The fourth component is a prediction layer. This takes the embeddings created by the transformer and produces a huge list of probabilities for the next token. For example, if the input text was “What is a Large Language” then the token “ Model” would have a high probability, but the tokens “homework” or “fngrl” would probably have a low probability.
The interesting thing here is that you can use this list of probabilities in different ways. You could, of course, just always select the most probable token. However, this often leads to boring and repetitive texts. Instead, LLMs usually sample from this distribution. This means that they randomly select a token in such a way that tokens with higher probabilities have a higher chance of being generated.
To sum it up - here is how an LLM predicts the next token given a text:
First, the tokenizer splits the text into tokens. Second, the embedding layer generates an embedding for every token. Third, the transformer improves the embeddings by mixing them together. Finally, the prediction layer generates a list of probabilities for all possible next tokens and samples the next token.
Training a Large Language Model#
Ok, so far, so good. But why do companies like OpenAI and Antrophic have to spend tens of millions of dollars on their Large Language Models?
Well, remember all those mathematical functions from the previous paragraphs? These functions usually have billions upon billions of parameters.
And these parameters have to be learned - we call that “training the model”.
To train the model, we need to collect a giant dataset first. And by giant I mean giant. For example, the RedPajama-Data-v2 dataset (one of the most well-known open datasets) has 20 billion documents consisting of 30 trillion tokens. This is a lot of tokens.

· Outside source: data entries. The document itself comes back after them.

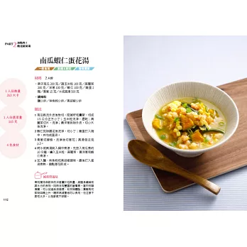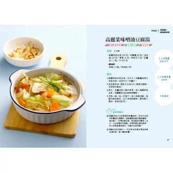 能兼具減脂、好吃、吃得飽的蔬菜湯,才能好心情減脂,因此本書結合食譜設計師與營養師的經驗,分享近70道蔬菜湯,這些蔬菜湯主要分成兩大類:「PART1低熱量!瘦身蔬菜湯」、「PART2加點肉!飽足蔬菜湯」。最重要的食材方面,營養師精選「低GI值、低熱量和高纖維」的材料烹調,並注重蛋白質的攝取,不僅能吃得飽,更能加速達到瘦身減脂的效果,同時延緩血糖上升速度。另外,每道湯料理都確實標明熱量、蔬菜量,加上各種食材的營養說明,讓新手們更容易挑選食用。以每人每天食用約300克蔬菜量計算,可食用1~2碗,只要在同餐或其他餐,選配適量其他類優質食物,便能兼顧減脂瘦身和身體營養。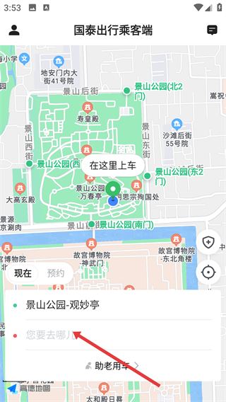 在国泰出行乘客端的主界面上,先确认起点显示为【景山公园-观妙亭】,接着点击【您要去哪儿】这个输入框,就可以开始填写行程的目的地了。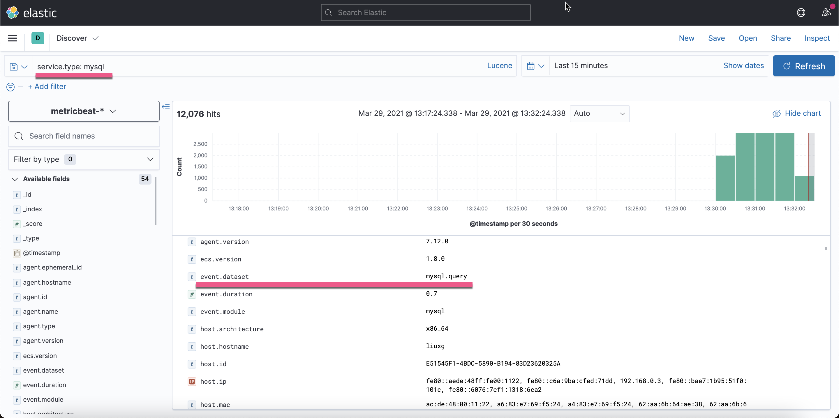 从上面我们可以看出来。event.dataset 来自 mysql.query 还是有蛮多的数据的。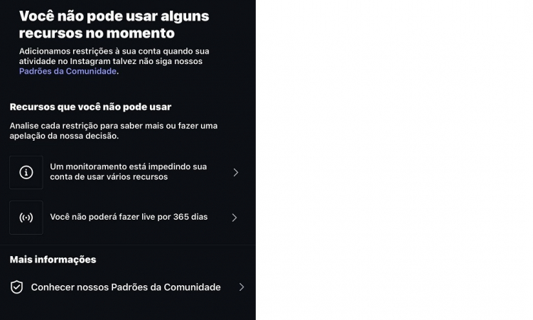 Além da exclusão do vídeo, a atriz relatou ter perdido acesso a outras funcionalidades da rede social. Revoltada, ela criticou o critério adotado pelo Instagram para moderar conteúdos. “Homens sendo misóginos, assediando, discursos de ódio, vocês não excluem e nem bloqueiam, né? Denuncio 400 vezes publicações horrorosas e nada acontece”, escreveu.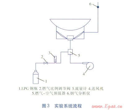 新型炒菜灶與傳統(tǒng)炒菜灶的實驗系統(tǒng)基本一致。實驗裝置包括LPG鋼瓶、煙氣分析儀、燃氣比例調節(jié)閥、流量計、電子溫度計等。煙氣分析儀用于測量煙氣中CO體積分數(shù),燃氣比例調節(jié)閥用于調節(jié)控制LPG的流量,流量計用于計量LPG累計流量。實驗系統(tǒng)流程見圖3。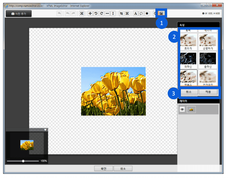 버튼을 클릭 합니다.속성 창에서 원하는 옵션을 선택합니다. 필터가 적용된 결과를 편집 창에서 바로 확인할 수 있습니다.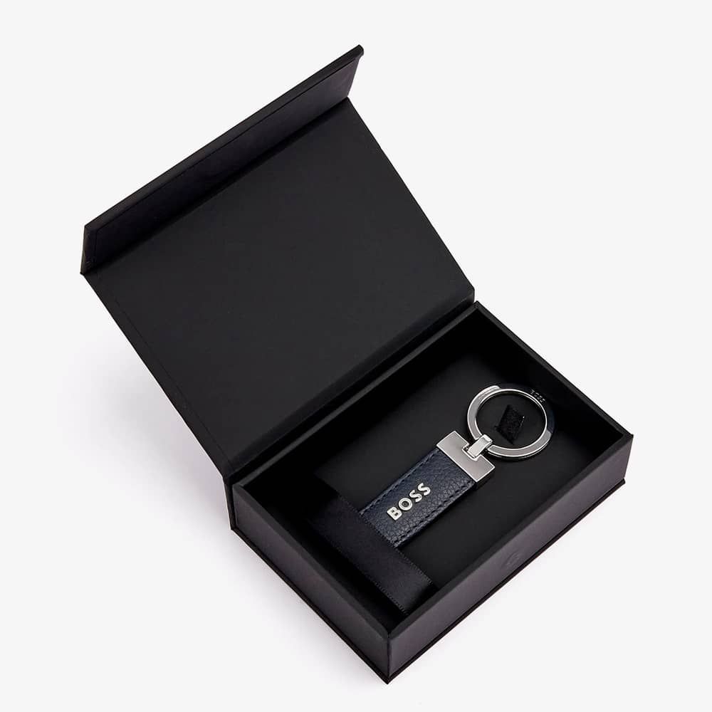 This elegant and timeless keyring is crafted from the same top-grain, matte-grained leather as the iconic small leather goods line. The sleek chrome metals are beautifully finished and feature an engraved BOSS logo.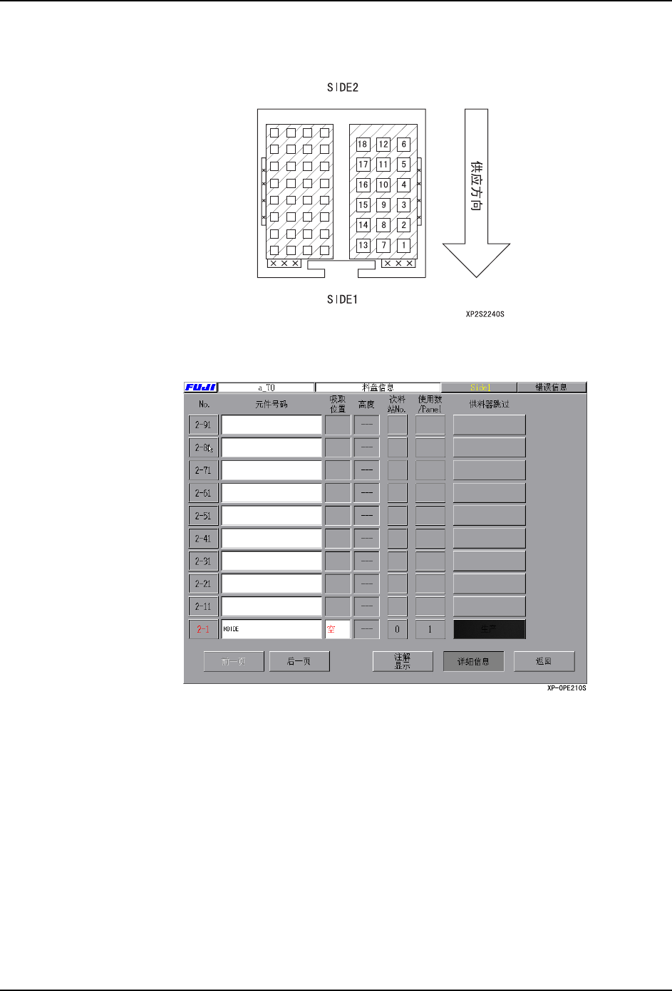 3. 操作系统 SYS-XP243-2.2S 66 XP-242E/243E 系统手册 显示用于生产的元件的料站及其吸取凹槽。 吸取位置是在料盘安装于机器上的状态下, 从 SIDE1 看把右下角作为 1,并按照以下顺序吸取元件。 3. 按下 [ 详细信息 ] 按键,可以更进一步地显 示详细的料盘信息。在此也可以进行 机器上 的跳过。 项目说明 Next Slot: 显示出在 [ 编辑器 ] 的[ 供料器安装 ] 编辑画面上安装的次料 站…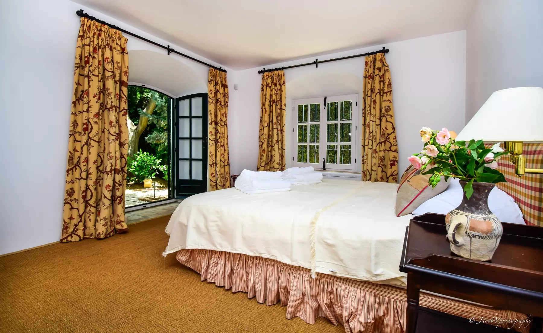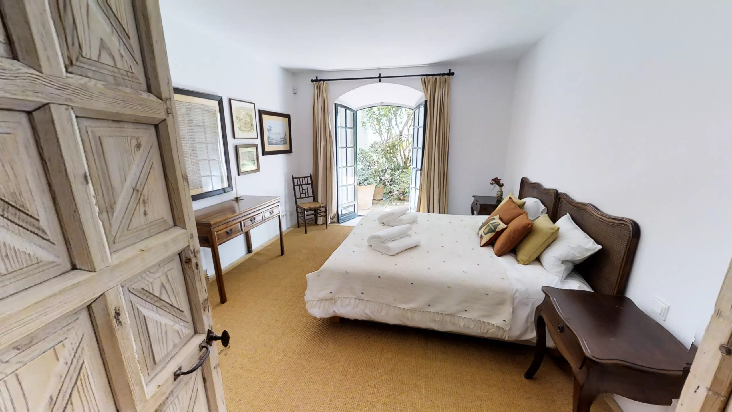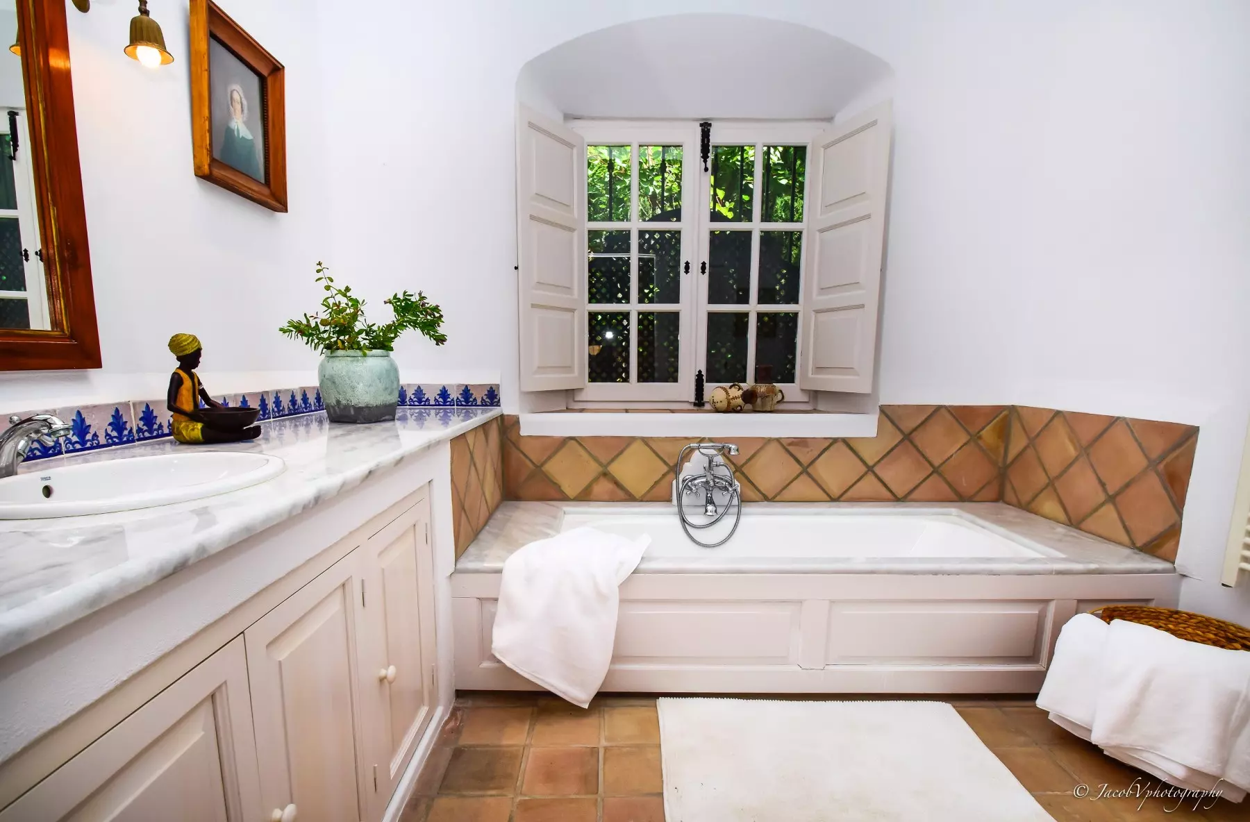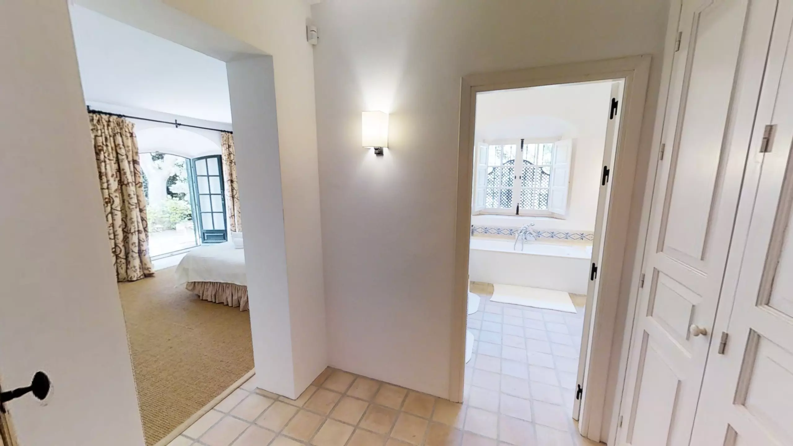 Bedroom 2 shares a bathroom with Bedroom 3. The bathroom has a double sink, a bathtub, and a toilet. These rooms have direct access to the garden and pool.
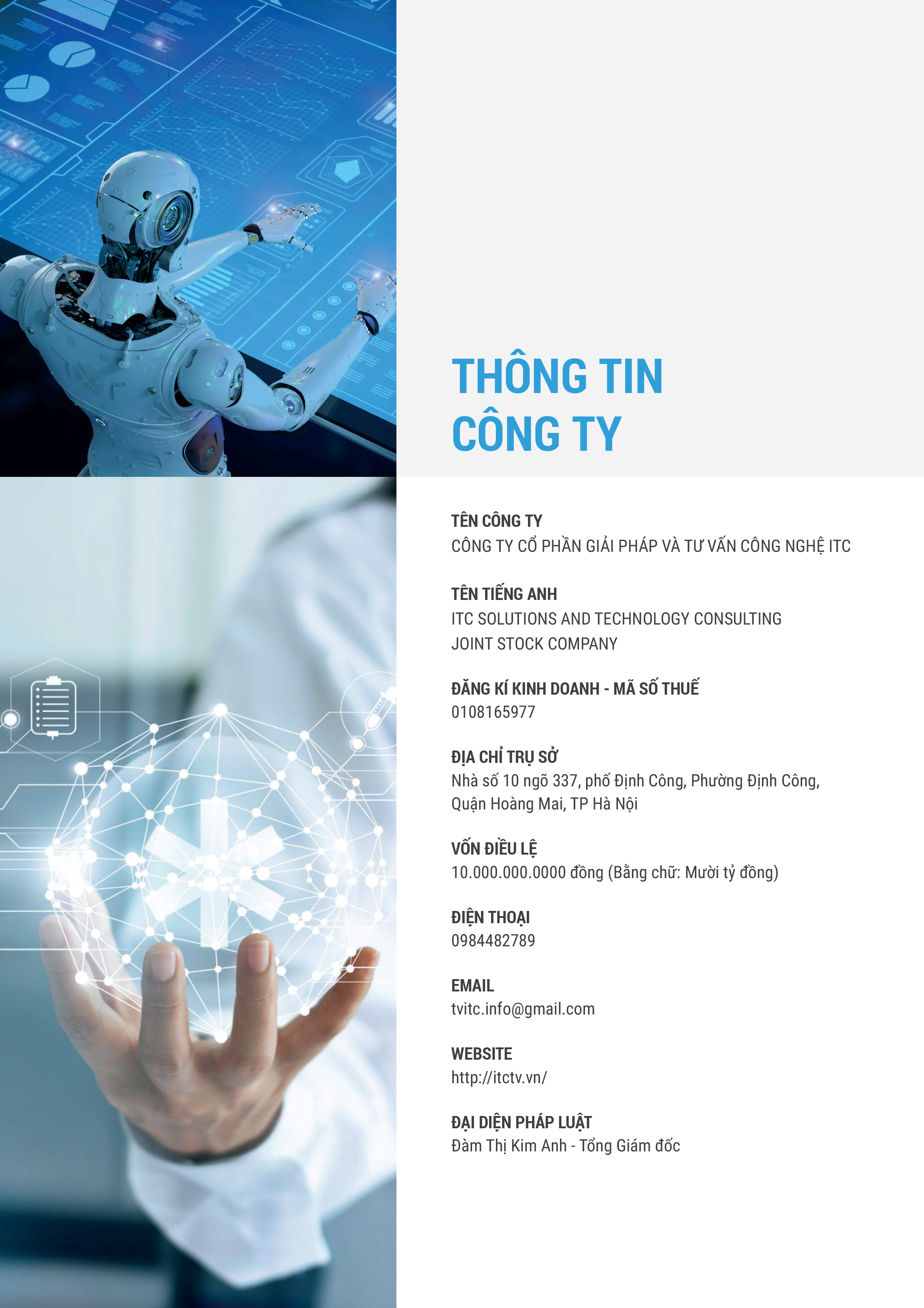 Công ty Cổ phần Giải pháp và tư vấn công nghệ ITC là đơn vị cung cấp dịch vụ trong lĩnh vực dịch vụ tư vấn, dịch vụ kiểm thử và dịch vụ công nghệ thông tin.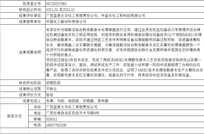 根據(jù)中國中化控股有限責(zé)任公司科技成果登記管理辦法,按照科技成果管理程序,現(xiàn)將中國中化控股有限責(zé)任公司登記的成果予以公告。對(duì)公告上登記的科技成果內(nèi)容持有異議者,可與中國中化控股有限責(zé)任公司科技成果登記中心聯(lián)系。其管理有效期(自公告之日起)為期7天。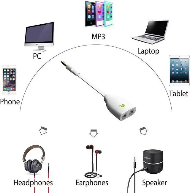 Universal compatibility: No need for lots of different cables if you have this headphone splitter; its compatible with anything that a 3. 5 mm female jack (AUX) is MP3s smartphones tablets laptops & more.
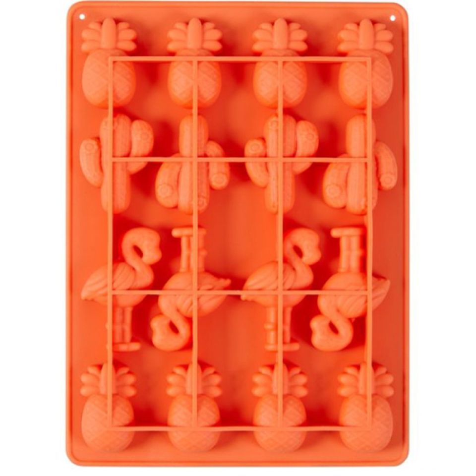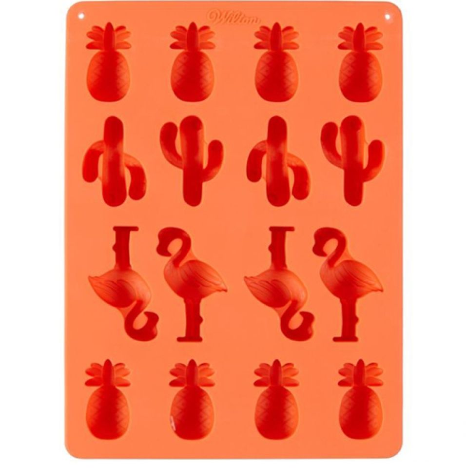 Tolle Wilton Silikonform „Tropical“. Die Silikonform von der bekannten Marke aus den USA eignet sich perfekt für den Sommer. In der hochwertigen Silikonform von Wilton gelingen Ihnen sommerliche Leckereien aus Schokolade oder Teig. So eignet sich die Wilton Silikonform „Tropical“ zum Beispiel wunderbar für die Verwendung mit Candy Melts. Befüllen Sie die Silikonform mit geschmolzenen Candy Melts und kreieren Sie Flamingos, Kakteen oder eine Ananas.
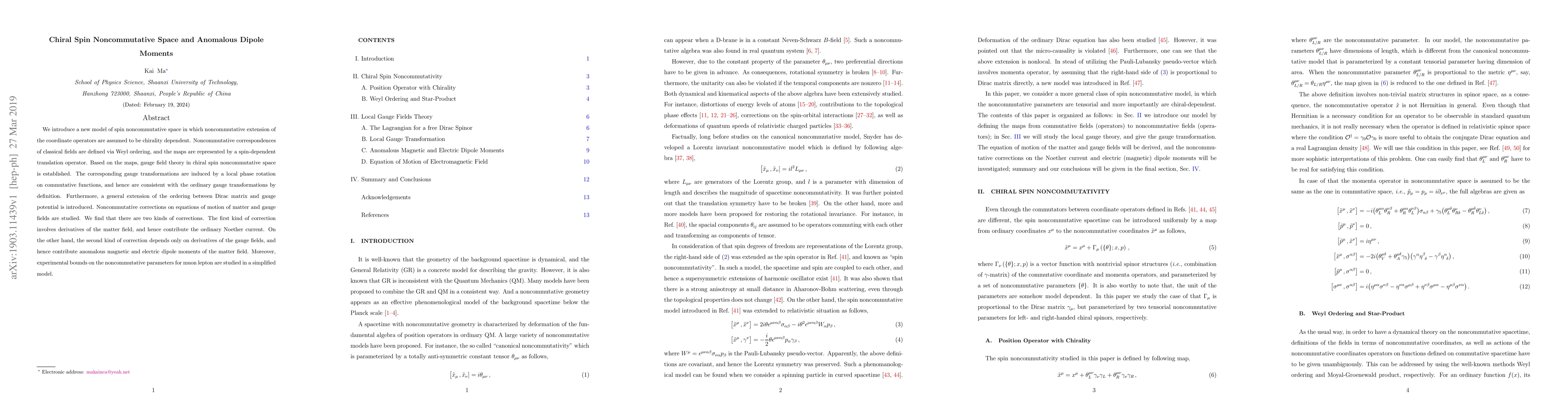 This paper develops a chiral spin noncommutative space model where noncommutative coordinates depend on chirality, leading to gauge field theory in this space. It identifies two types of noncommutative corrections: one contributing to the ordinary Noether current and the other inducing anomalous magnetic and electric dipole moments, with experimental bounds on parameters discussed for muon lepton.

The way the actual training works is conceptually simple: First, we initialize the model with random parameters. Next, we split our text corpus into tokens. Then, we iterate over all the tokens, and at each token, we ask the model to provide the probabilities for the next token (this is the output of the prediction layer, remember?). Finally, we adjust the parameters of the model in such a way that the actual next token becomes more probable and all other tokens become less probable.
This is really it! Although quite often, after the initial training is done, models are usually fine-tuned (i.e., trained further) on special datasets that make the model less likely to produce undesired outputs and allow the model to chat with a user, etc.
Technical Completeness Note: We necessarily glossed over a lot of technical details in this section. For example, we don’t really train models token by token. Instead, the model is fed batches of training data and processes multiple examples at the same time.
While conceptually simple, the mathematical details and technical execution can get quite complicated. For example, just recently Meta announced two 24k GPU clusters to manage model training. As you can guess, managing these clusters and running the training requires a high degree of technical sophistication and a lot of resources - not many companies can do something like this.